_WHAT TO PRODUCE_
Repeat only the lines below that run from the line with "(von links nach" to the line with "This Personalised Labrador", ends included; skip every picture.
Top of RECORD EXTRACTS
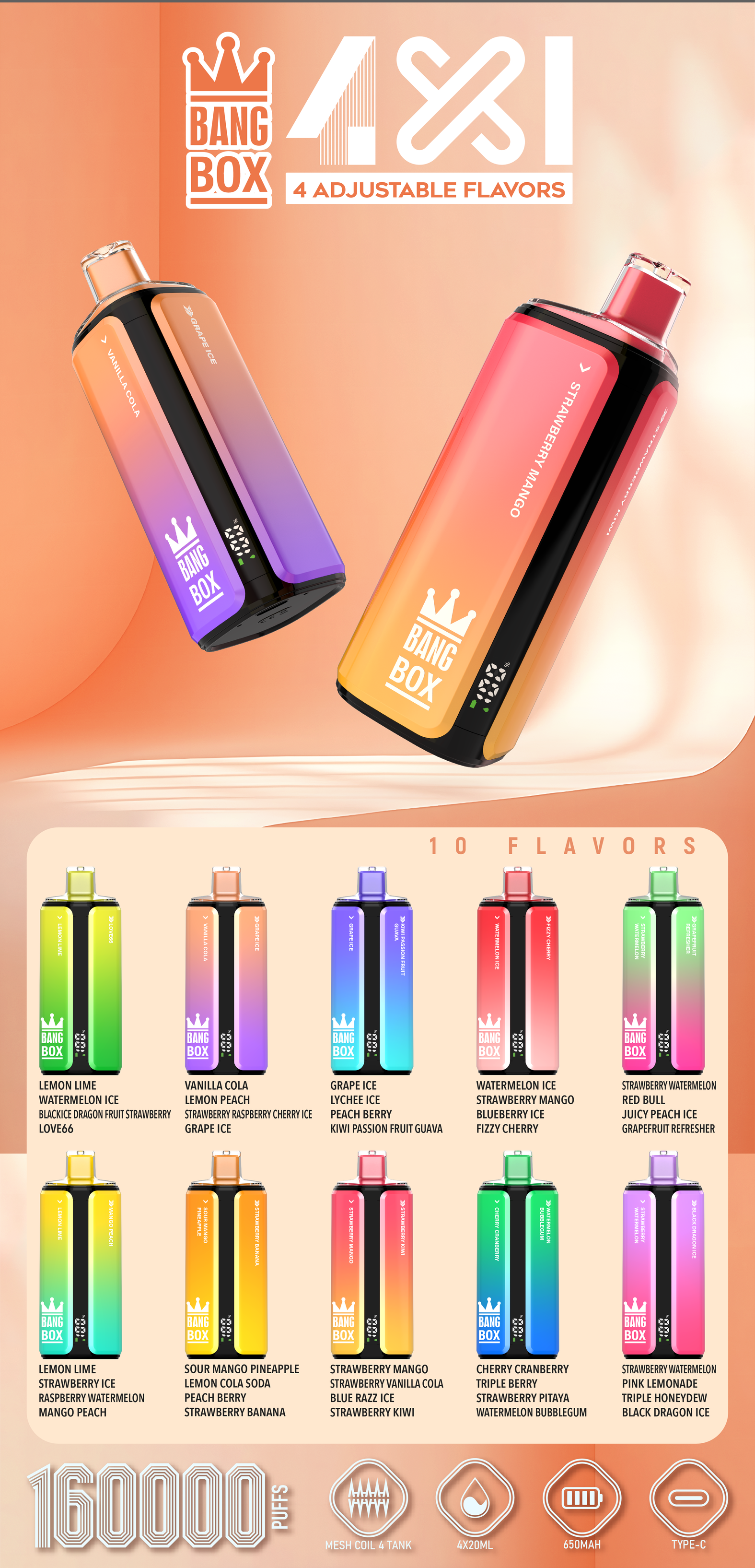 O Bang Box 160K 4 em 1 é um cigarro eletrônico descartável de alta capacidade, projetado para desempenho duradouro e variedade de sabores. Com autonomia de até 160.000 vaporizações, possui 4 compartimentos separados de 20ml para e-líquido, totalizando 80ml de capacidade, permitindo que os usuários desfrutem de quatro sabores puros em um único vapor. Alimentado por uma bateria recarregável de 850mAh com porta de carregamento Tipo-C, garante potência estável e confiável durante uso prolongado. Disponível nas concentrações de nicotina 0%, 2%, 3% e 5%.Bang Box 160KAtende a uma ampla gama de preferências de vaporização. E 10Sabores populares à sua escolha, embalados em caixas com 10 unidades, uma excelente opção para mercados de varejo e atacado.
Bottom of RECORD EXTRACTS
Top of RECORD EXTRACTS
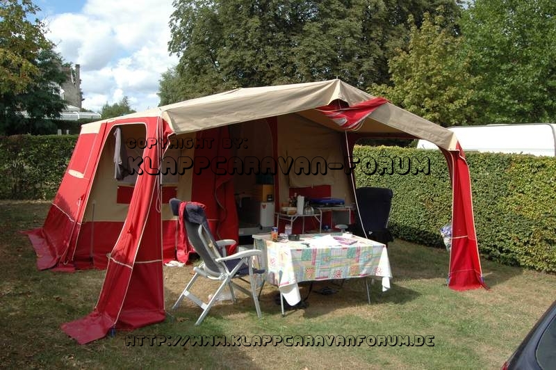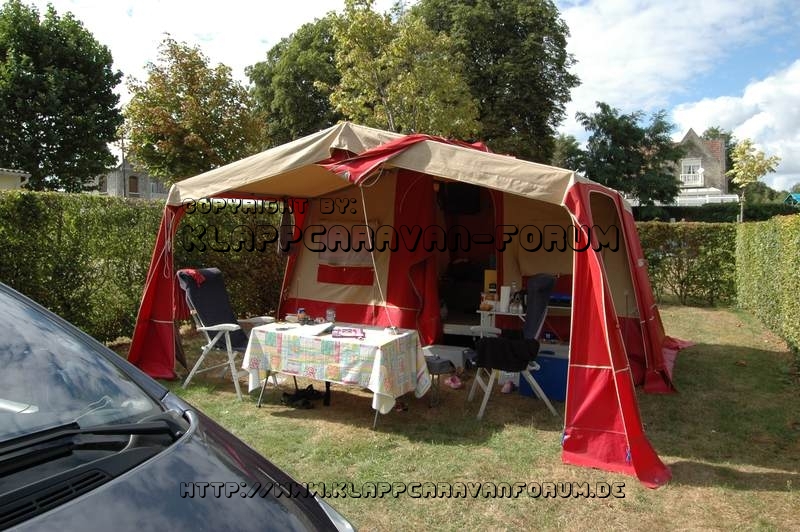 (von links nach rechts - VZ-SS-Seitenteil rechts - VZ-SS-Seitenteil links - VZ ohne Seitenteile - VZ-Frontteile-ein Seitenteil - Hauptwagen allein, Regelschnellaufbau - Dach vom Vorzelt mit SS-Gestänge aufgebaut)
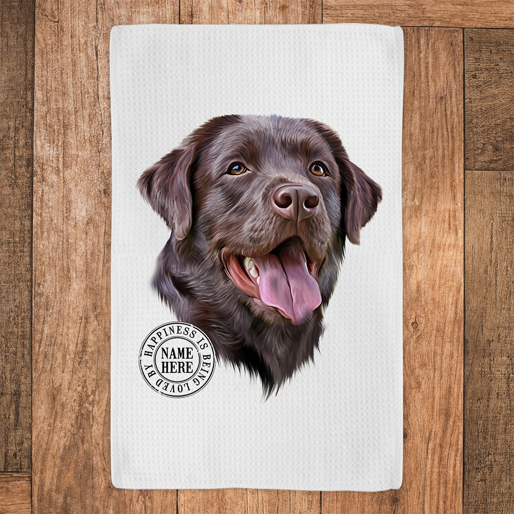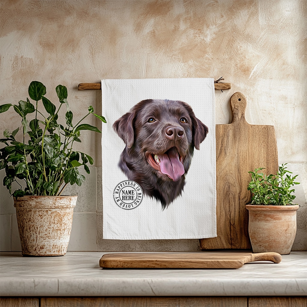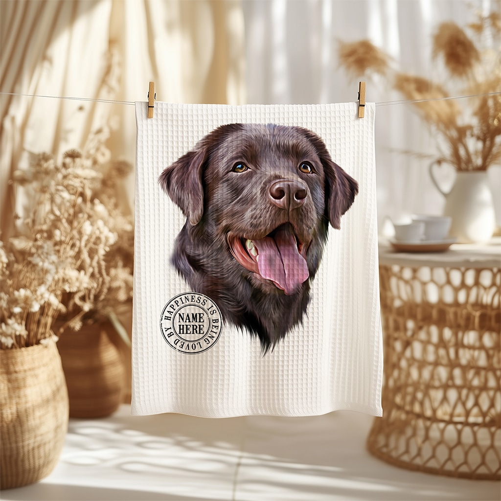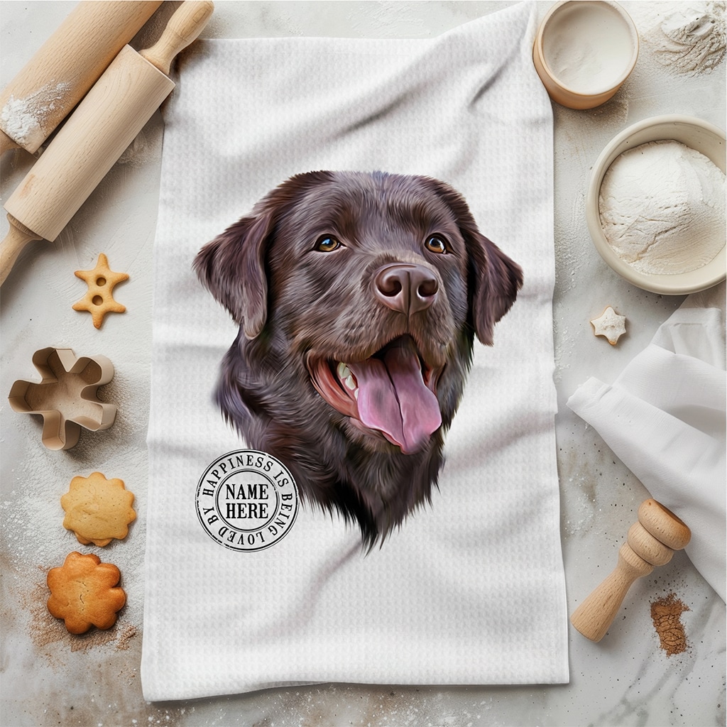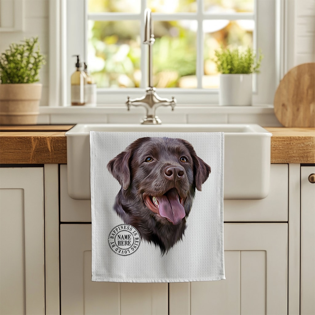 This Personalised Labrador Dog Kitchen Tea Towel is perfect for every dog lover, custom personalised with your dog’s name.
Bottom of RECORD EXTRACTS
_SOLUTION_
 (von links nach rechts - VZ-SS-Seitenteil rechts - VZ-SS-Seitenteil links - VZ ohne Seitenteile - VZ-Frontteile-ein Seitenteil - Hauptwagen allein, Regelschnellaufbau - Dach vom Vorzelt mit SS-Gestänge aufgebaut)
 This Personalised Labrador Dog Kitchen Tea Towel is perfect for every dog lover, custom personalised with your dog’s name.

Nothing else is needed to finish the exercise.